A questão se agrava quando se observa que a maioria dos atletas profissionais no Brasil recebe salários entre um e três salários mínimos, mesmo no futebol masculino, que é o esporte mais bem remunerado do país. Hoje, um Atleta Profissional ganha em média R$ 4.729,22 para uma jornada de trabalho de 43 horas semanais de acordo com pesquisa do Portal Salario de 2025 junto a dados de 1.298 profissionais admitidos e desligados em todo Brasil no regime CLT nos últimos 12 meses divulgados pelo Cadastro Geral de Empregados e Desempregados (CAGED).
Isso significa que, para a imensa maioria dos atletas, uma lesão grave pode representar não apenas o fim de uma temporada, mas o comprometimento de sua carreira e de sua subsistência. Em um ambiente em que os treinamentos são intensos e as estruturas nem sempre são adequadas, a ocorrência de lesões é comum, e a responsabilidade dos clubes em garantir a recuperação e a estabilidade do atleta deve ser vista como uma obrigação inegociável.
A Lei Geral do Esporte (Lei 14.597/23), em seus artigos 86 a 90, reforça e consolida a proteção ao atleta lesionado, estabelecendo de forma inequívoca a responsabilidade dos clubes em assegurar o tratamento e a estabilidade do jogador. No entanto, a efetividade dessas normas depende da fiscalização e da conscientização das entidades esportivas, que precisam compreender que o respeito aos direitos trabalhistas é parte fundamental da profissionalização e da credibilidade do esporte nacional.
O descumprimento dessas obrigações prejudica o atleta individualmente e também compromete a imagem do clube e do próprio esporte, afastando investidores, patrocinadores e torcedores que valorizam a ética e a responsabilidade social. Por isso, é imprescindível que os clubes adotem uma postura mais responsável e alinhada com a legislação. A estabilidade acidentária não é uma concessão, mas um direito garantido por lei, que busca proteger o trabalhador em um momento de extrema fragilidade.

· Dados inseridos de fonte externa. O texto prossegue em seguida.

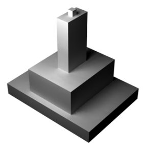
Figure 2: Tower of Babylon

You receive 10 points for a correct answer, and 0 points for an incorrect answer.
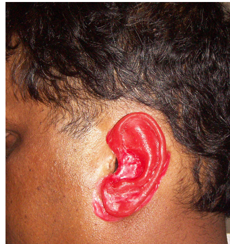
Fig. 4 Completed wax pattern
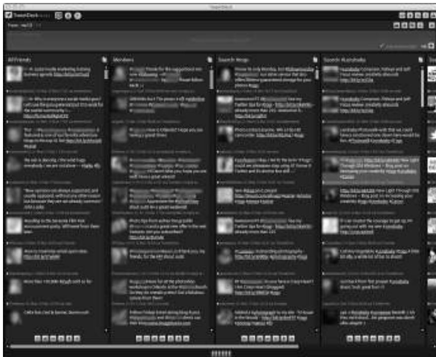
Figure 3-3: Keep track of your followers with TweetDeck.

You have a solution for this dilemma. The powerful desktop application TweetDeck, at www.tweetdeck.com , updates in real time, as shown in Figure 3-3. When someone sends a tweet, it appears in TweetDeck almost instantaneously along with an alert.
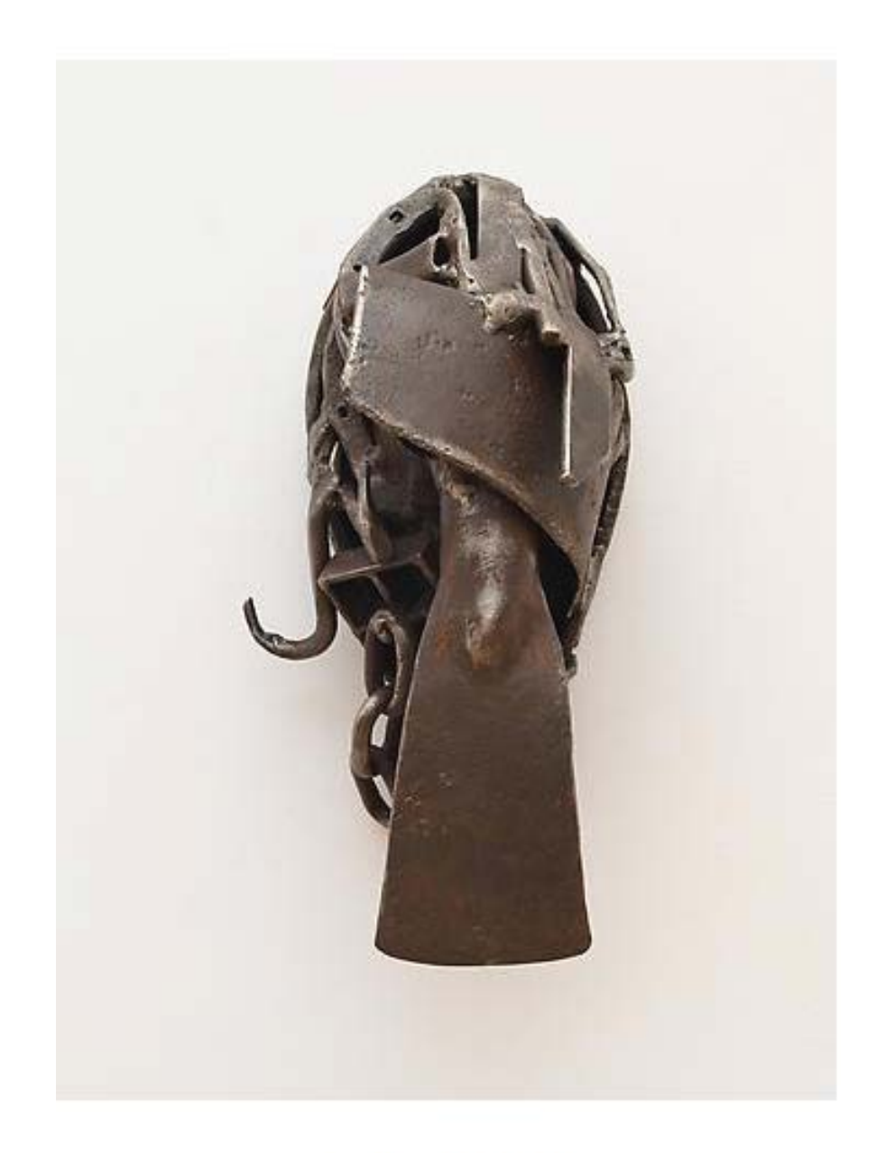
Bara Niasse Tugge (2008) Welded steel 14.5h x 6.5w x 6.75d in (36.83h x 16.51w x 17.15d cm)
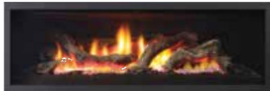
Clean edge finish (no fascia)
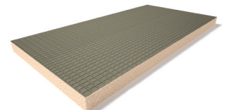
Nicobond Tile Backer Board
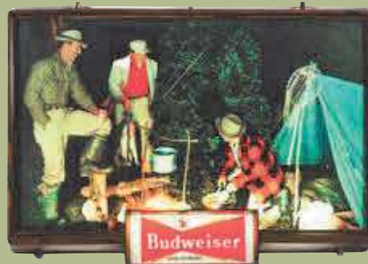
Lighted sign, Budweiser Beer, Anheuser Busch, St. Louis, MO, 20 x 13 in., Raymond M. Price & Assc's, Chesterton, IN, c. 1950s.
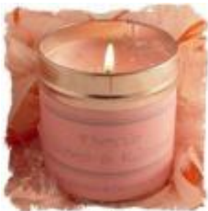
Faerie Wishes & Kisses Warm & cheeky - girly & sparkly - what a combo
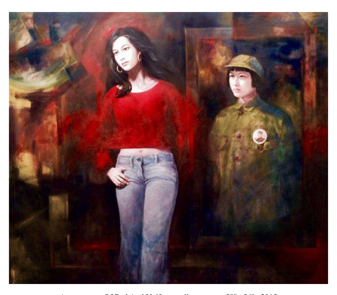
Appearances Of Red And Uniform oil on canvas 50"x 56" 2015
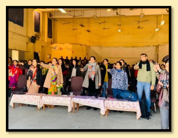
Faculties and Students taking Pledge on the Republic Day

O cumprimento dessa obrigação deve ser visto não apenas como uma exigência legal, mas como um compromisso ético com a dignidade do atleta e com a integridade do esporte. A profissionalização do futebol e de outras modalidades esportivas passa, necessariamente, pelo respeito aos direitos trabalhistas e pela valorização do ser humano que está por trás do atleta.
A estabilidade por acidente de trabalho para atletas em fim de contrato é uma conquista importante, mas que ainda enfrenta resistência e desconhecimento no meio esportivo. É fundamental que clubes, federações e demais entidades do esporte compreendam a importância de cumprir a legislação e de garantir a proteção ao atleta lesionado. O respeito à estabilidade acidentária não é apenas uma obrigação legal, mas um imperativo ético que contribui para a construção de um ambiente esportivo mais justo, profissional e humano. O esporte brasileiro precisa evoluir para respeitar e proteger aqueles que o constroem diariamente, dentro e fora dos campos e quadras.
*João Antonio de Albuquerque e Souza é atleta olímpico, graduado em Direito pela Universidade Federal do Rio Grande do Sul (UFRGS) e mestre em Direito e Justiça Social pela UFRGS. Atualmente, é Presidente do Tribunal de Justiça Desportiva Antidopagem (TJD-AD) e sócio fundador do escritório Albuquerque e Souza. Com expertise em Direito Civil, Trabalhista e Desportivo, sua atuação abrange temas como contratos e responsabilidade civil.